Please, without any pictures, set down exactly the part of the listing below that opens with the line containing "玩家在初始状态默认只有九格背" and closes with the line containing "Guirnalda microleds fiesta, parpadeante, 20".

DATASET RECORDS:
----------

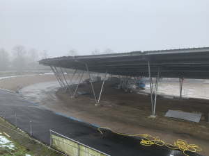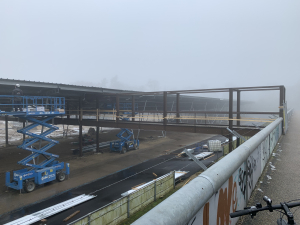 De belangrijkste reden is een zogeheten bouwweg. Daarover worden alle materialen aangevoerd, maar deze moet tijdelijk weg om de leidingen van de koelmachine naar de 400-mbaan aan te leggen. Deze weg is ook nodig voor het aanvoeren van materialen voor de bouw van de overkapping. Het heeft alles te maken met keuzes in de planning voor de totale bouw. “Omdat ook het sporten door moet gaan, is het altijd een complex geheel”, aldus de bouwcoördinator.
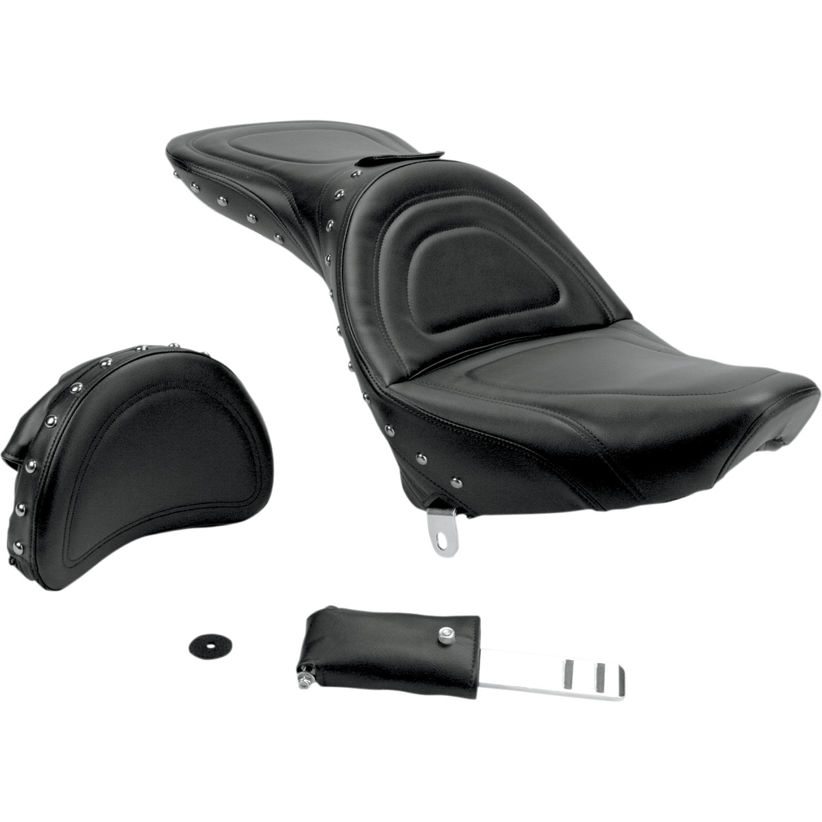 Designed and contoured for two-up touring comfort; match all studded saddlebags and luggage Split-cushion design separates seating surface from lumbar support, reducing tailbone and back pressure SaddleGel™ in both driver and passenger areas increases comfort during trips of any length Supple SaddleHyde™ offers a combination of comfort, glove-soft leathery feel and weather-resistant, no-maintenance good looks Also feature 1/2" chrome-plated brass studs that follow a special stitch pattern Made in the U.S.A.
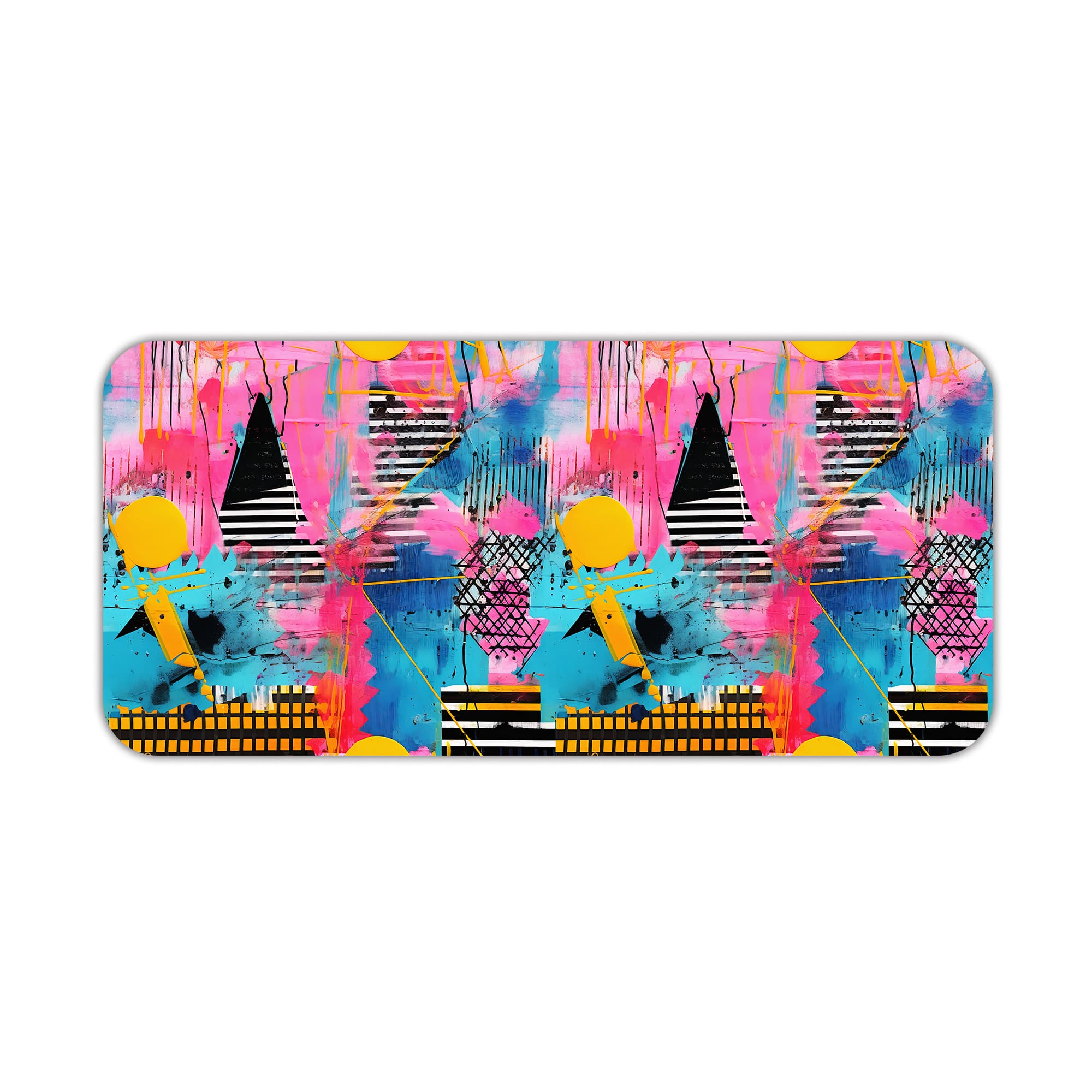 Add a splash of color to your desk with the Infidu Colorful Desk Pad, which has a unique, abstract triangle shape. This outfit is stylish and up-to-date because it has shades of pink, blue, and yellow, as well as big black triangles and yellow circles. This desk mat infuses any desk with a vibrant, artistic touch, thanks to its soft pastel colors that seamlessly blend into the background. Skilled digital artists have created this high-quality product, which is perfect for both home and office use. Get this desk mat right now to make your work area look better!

----------

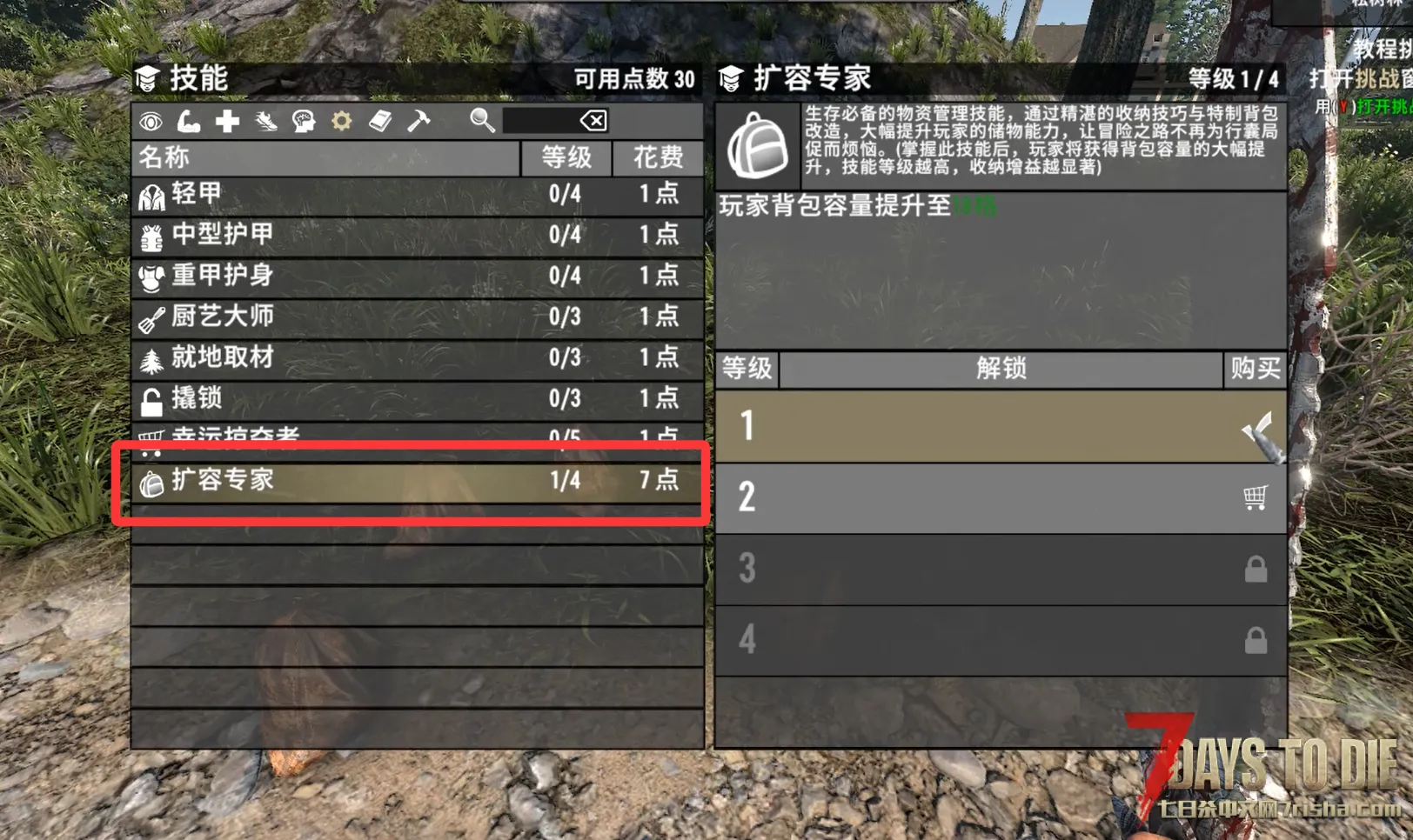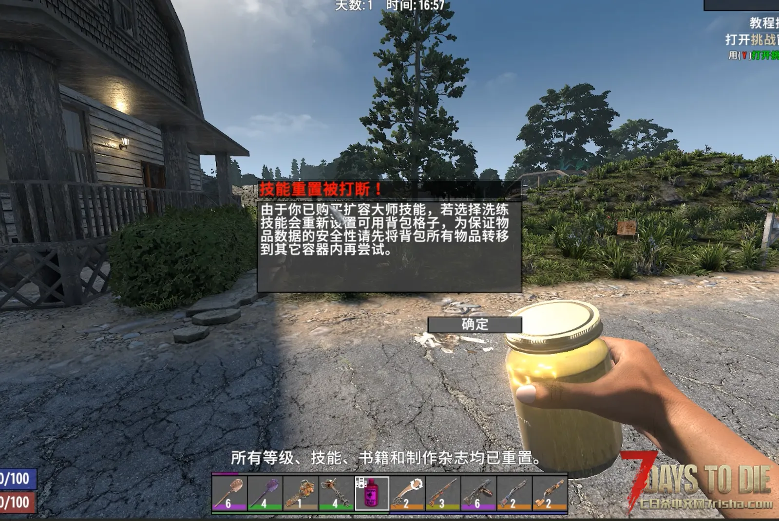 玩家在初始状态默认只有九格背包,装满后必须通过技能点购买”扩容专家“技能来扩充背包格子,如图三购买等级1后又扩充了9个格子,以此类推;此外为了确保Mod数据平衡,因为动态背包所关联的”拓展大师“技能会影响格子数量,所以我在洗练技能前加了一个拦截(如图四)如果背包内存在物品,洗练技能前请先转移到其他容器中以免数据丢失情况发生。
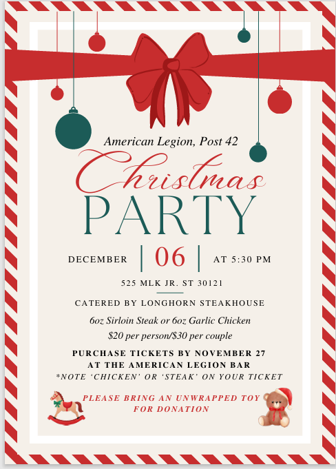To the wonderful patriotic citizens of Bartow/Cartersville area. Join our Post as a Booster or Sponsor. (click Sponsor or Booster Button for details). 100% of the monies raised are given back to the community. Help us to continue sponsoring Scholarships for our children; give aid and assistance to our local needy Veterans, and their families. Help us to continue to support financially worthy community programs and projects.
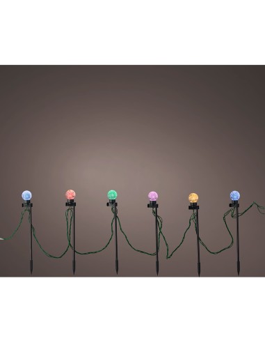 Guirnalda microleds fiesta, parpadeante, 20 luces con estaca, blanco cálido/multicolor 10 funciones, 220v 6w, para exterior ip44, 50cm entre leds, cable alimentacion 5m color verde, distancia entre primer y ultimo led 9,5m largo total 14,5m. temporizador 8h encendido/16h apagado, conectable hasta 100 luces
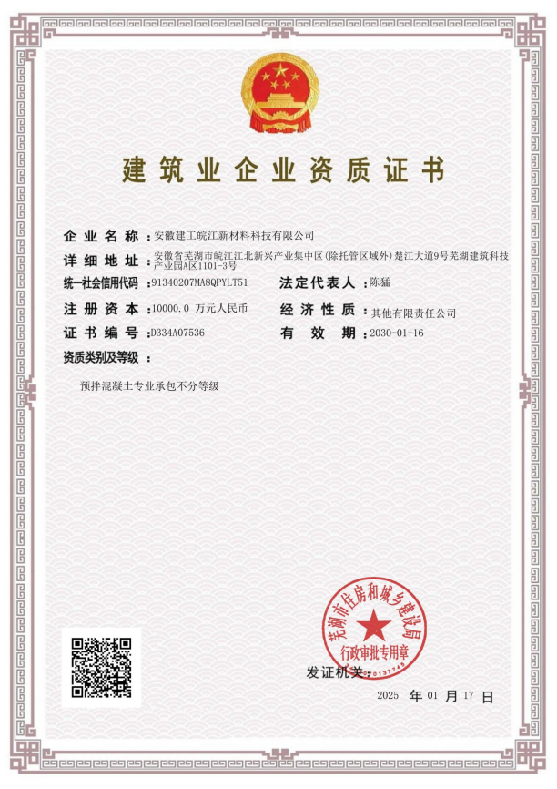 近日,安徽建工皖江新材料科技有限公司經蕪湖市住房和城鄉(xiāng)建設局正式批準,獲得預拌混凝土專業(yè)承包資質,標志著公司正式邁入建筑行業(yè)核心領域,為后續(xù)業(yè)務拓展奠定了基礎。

----------

SOLUTION TO THE PROBLEM:
 玩家在初始状态默认只有九格背包,装满后必须通过技能点购买”扩容专家“技能来扩充背包格子,如图三购买等级1后又扩充了9个格子,以此类推;此外为了确保Mod数据平衡,因为动态背包所关联的”拓展大师“技能会影响格子数量,所以我在洗练技能前加了一个拦截(如图四)如果背包内存在物品,洗练技能前请先转移到其他容器中以免数据丢失情况发生。
To the wonderful patriotic citizens of Bartow/Cartersville area. Join our Post as a Booster or Sponsor. (click Sponsor or Booster Button for details). 100% of the monies raised are given back to the community. Help us to continue sponsoring Scholarships for our children; give aid and assistance to our local needy Veterans, and their families. Help us to continue to support financially worthy community programs and projects.
 Guirnalda microleds fiesta, parpadeante, 20 luces con estaca, blanco cálido/multicolor 10 funciones, 220v 6w, para exterior ip44, 50cm entre leds, cable alimentacion 5m color verde, distancia entre primer y ultimo led 9,5m largo total 14,5m. temporizador 8h encendido/16h apagado, conectable hasta 100 luces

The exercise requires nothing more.